## EXERCISE DIRECTIONS
Using the material below, repeat exactly the lines from the one with "Mixing the chilli" through the one with "Bring warmth and", ends included, without any images.

## GIVEN DATA

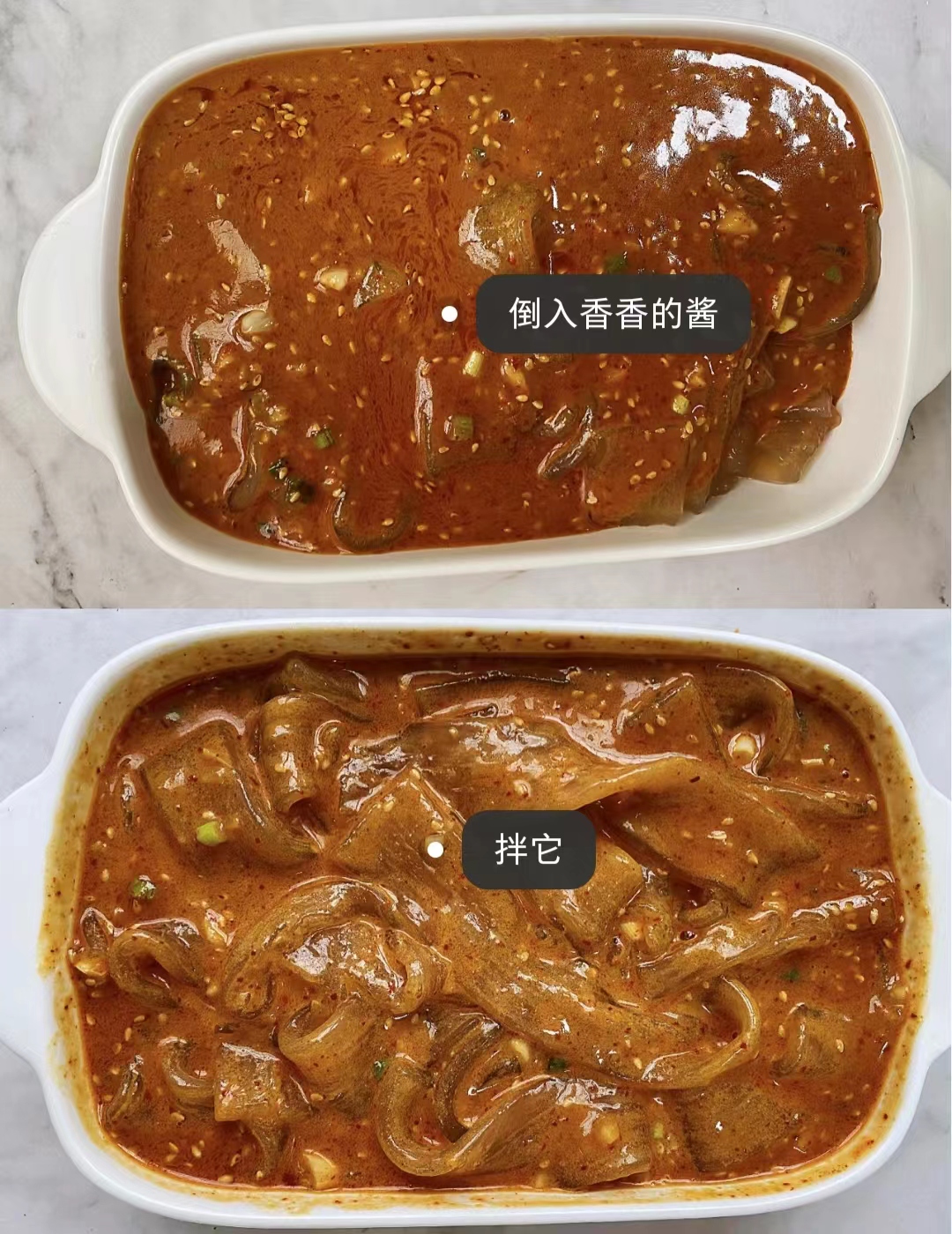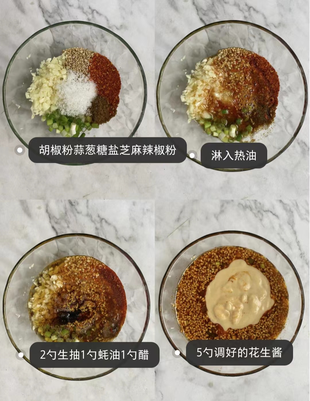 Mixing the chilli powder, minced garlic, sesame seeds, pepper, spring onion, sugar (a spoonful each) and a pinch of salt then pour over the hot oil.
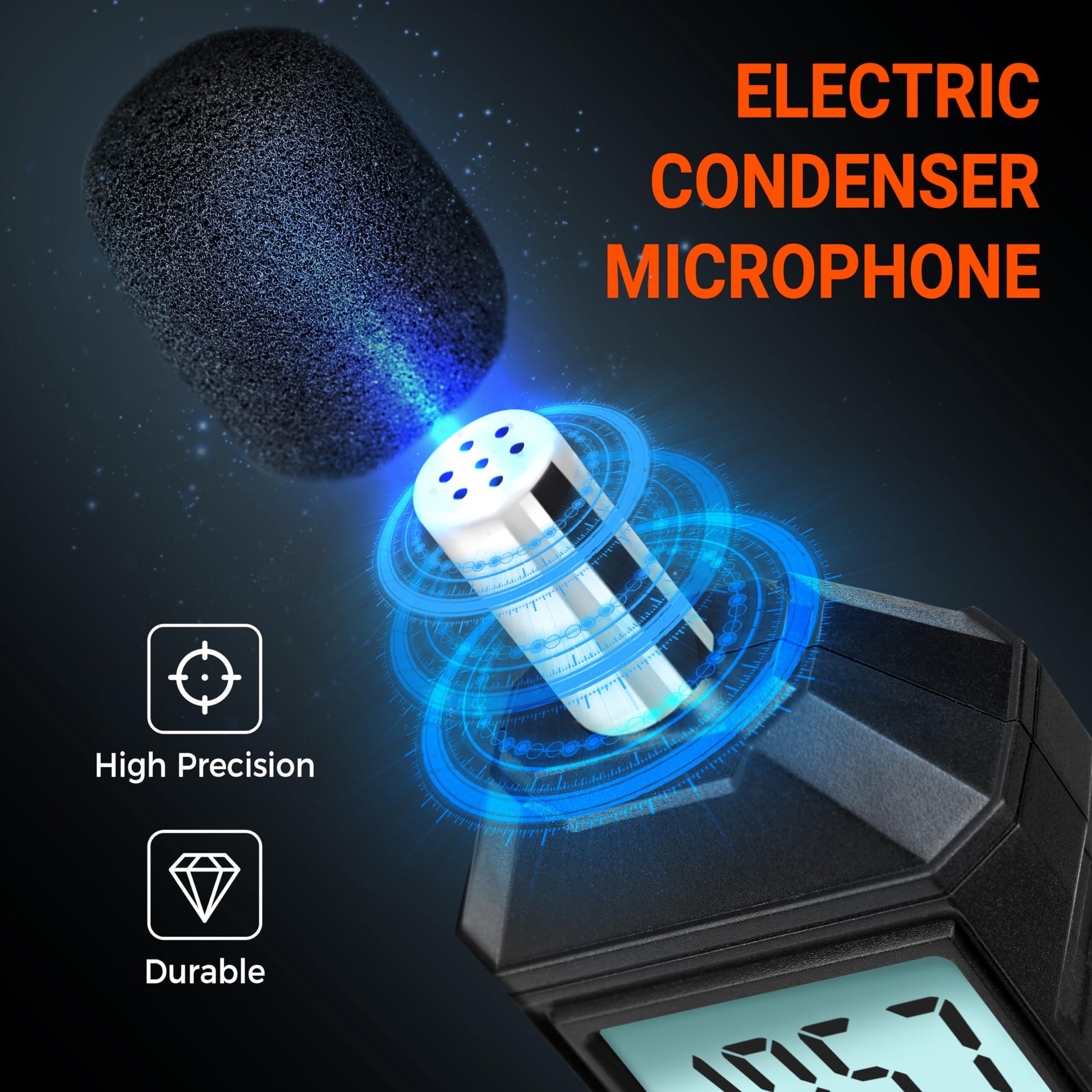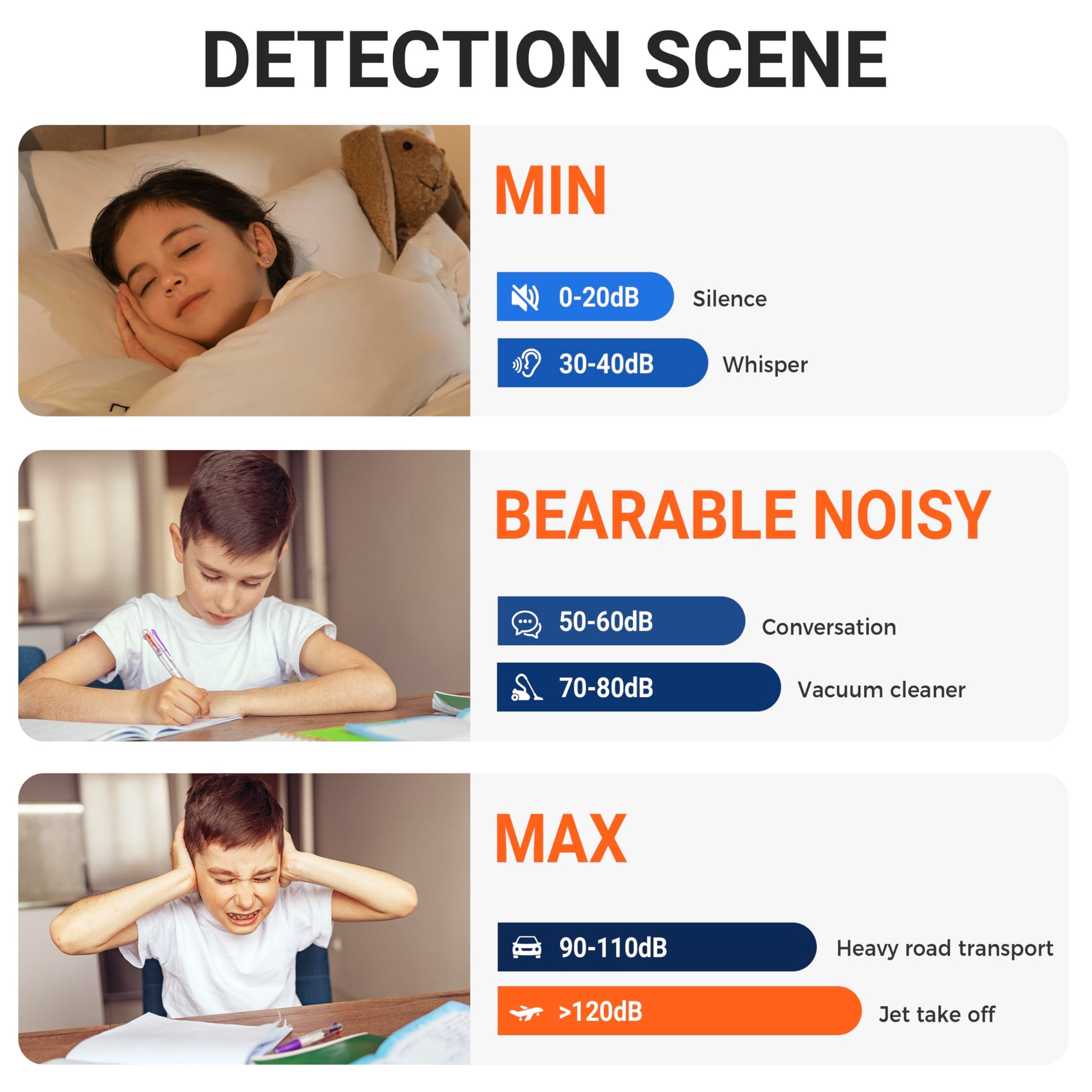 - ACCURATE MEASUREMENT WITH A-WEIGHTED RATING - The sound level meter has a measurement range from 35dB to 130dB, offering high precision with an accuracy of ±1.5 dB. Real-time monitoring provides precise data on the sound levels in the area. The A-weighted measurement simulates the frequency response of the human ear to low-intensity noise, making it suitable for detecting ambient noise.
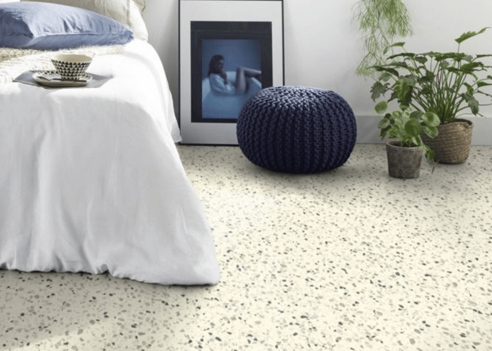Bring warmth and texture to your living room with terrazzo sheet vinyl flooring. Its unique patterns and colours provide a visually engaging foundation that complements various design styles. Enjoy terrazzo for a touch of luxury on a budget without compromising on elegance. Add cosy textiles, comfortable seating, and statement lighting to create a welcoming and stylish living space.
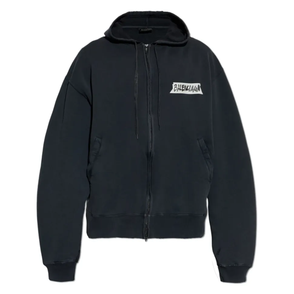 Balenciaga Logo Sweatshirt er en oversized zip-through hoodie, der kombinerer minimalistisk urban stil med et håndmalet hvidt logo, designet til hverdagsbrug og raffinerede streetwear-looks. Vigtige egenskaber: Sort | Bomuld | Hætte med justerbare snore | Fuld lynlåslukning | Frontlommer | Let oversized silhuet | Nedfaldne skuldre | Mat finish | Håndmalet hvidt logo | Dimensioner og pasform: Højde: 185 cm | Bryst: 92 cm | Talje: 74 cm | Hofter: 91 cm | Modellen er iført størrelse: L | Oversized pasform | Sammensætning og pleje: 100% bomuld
--
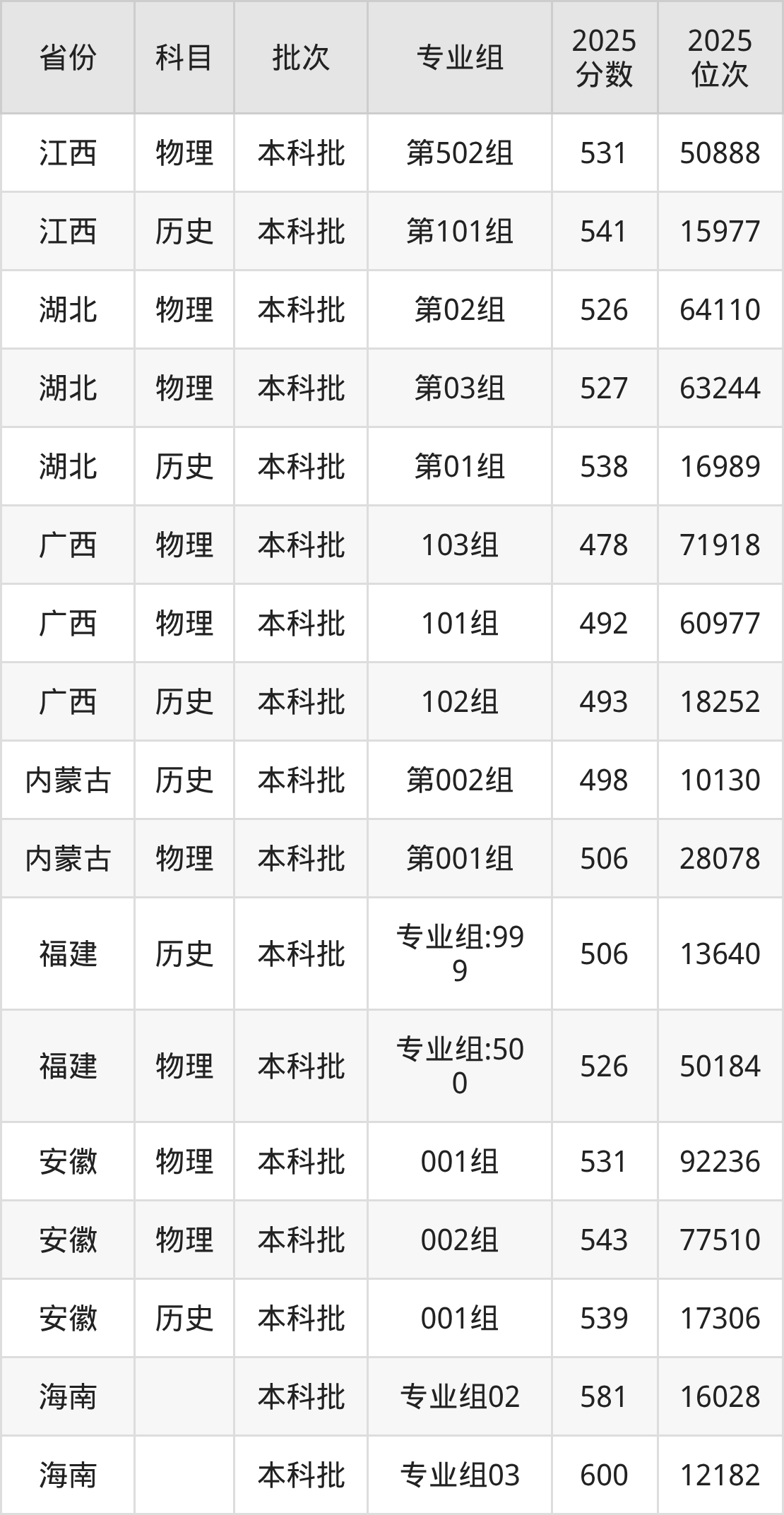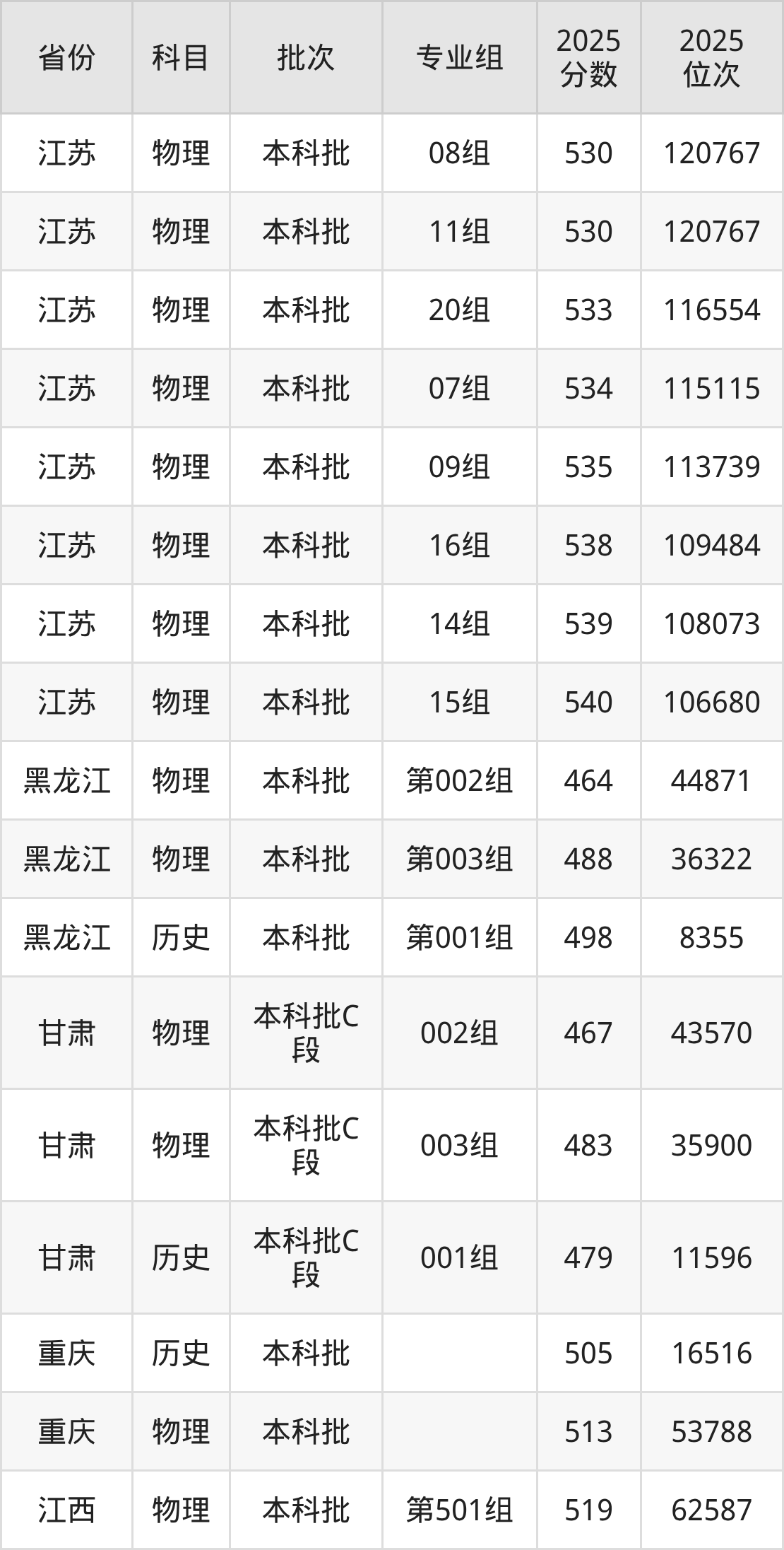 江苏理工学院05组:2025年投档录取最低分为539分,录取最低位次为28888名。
---
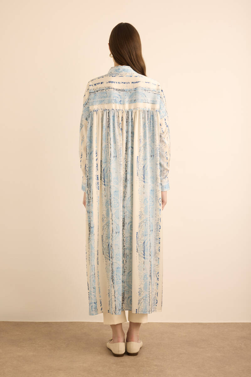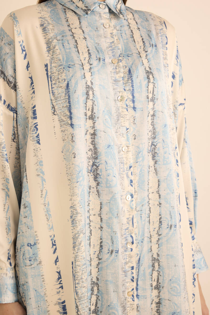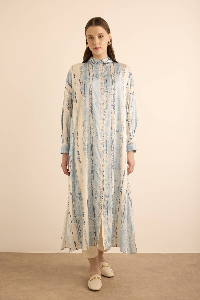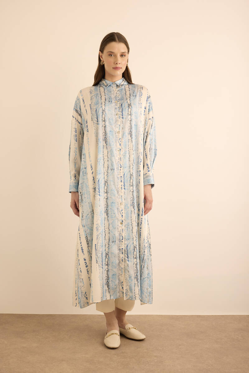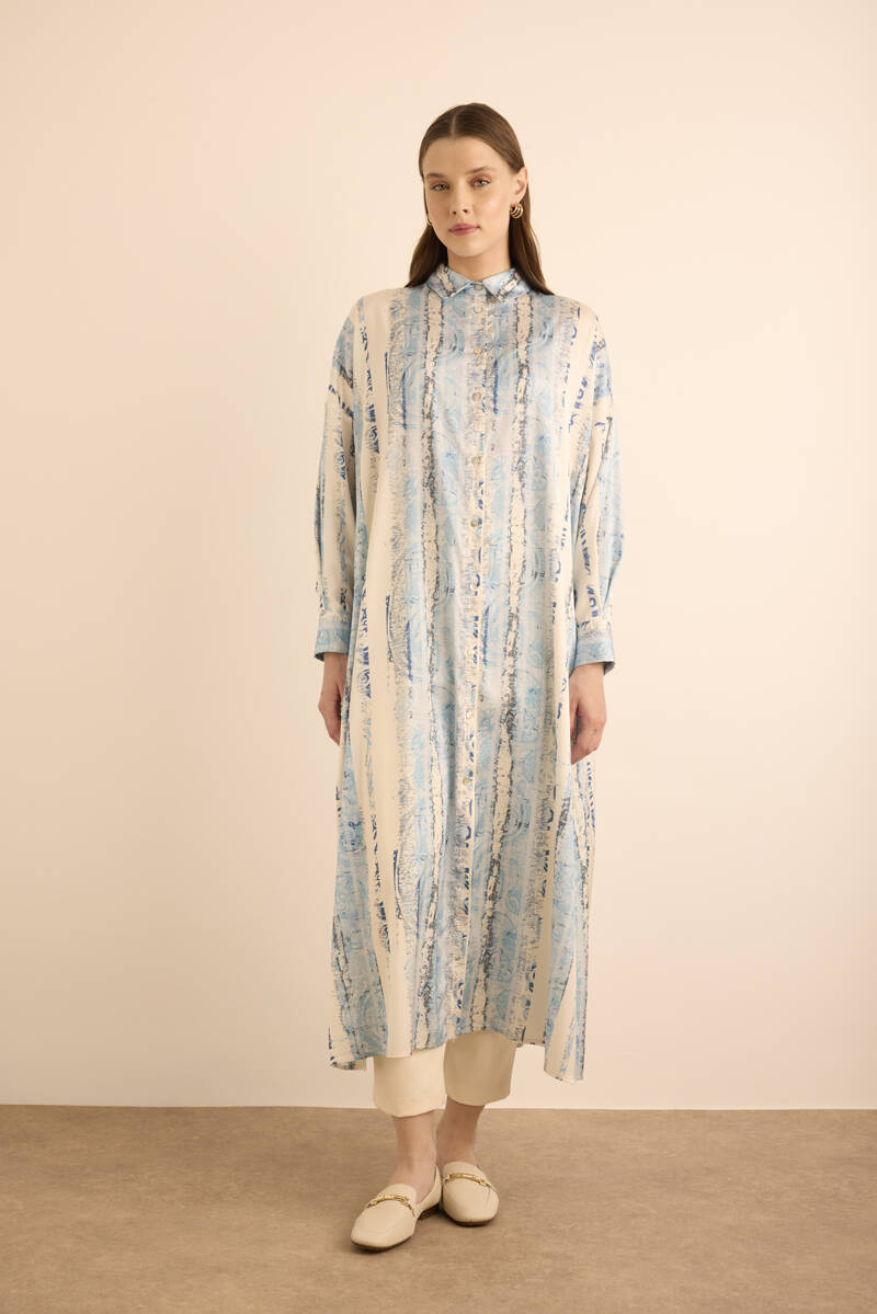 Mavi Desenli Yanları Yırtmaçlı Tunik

## RESPONSE
 Mixing the chilli powder, minced garlic, sesame seeds, pepper, spring onion, sugar (a spoonful each) and a pinch of salt then pour over the hot oil.
 - ACCURATE MEASUREMENT WITH A-WEIGHTED RATING - The sound level meter has a measurement range from 35dB to 130dB, offering high precision with an accuracy of ±1.5 dB. Real-time monitoring provides precise data on the sound levels in the area. The A-weighted measurement simulates the frequency response of the human ear to low-intensity noise, making it suitable for detecting ambient noise.
Bring warmth and texture to your living room with terrazzo sheet vinyl flooring. Its unique patterns and colours provide a visually engaging foundation that complements various design styles. Enjoy terrazzo for a touch of luxury on a budget without compromising on elegance. Add cosy textiles, comfortable seating, and statement lighting to create a welcoming and stylish living space.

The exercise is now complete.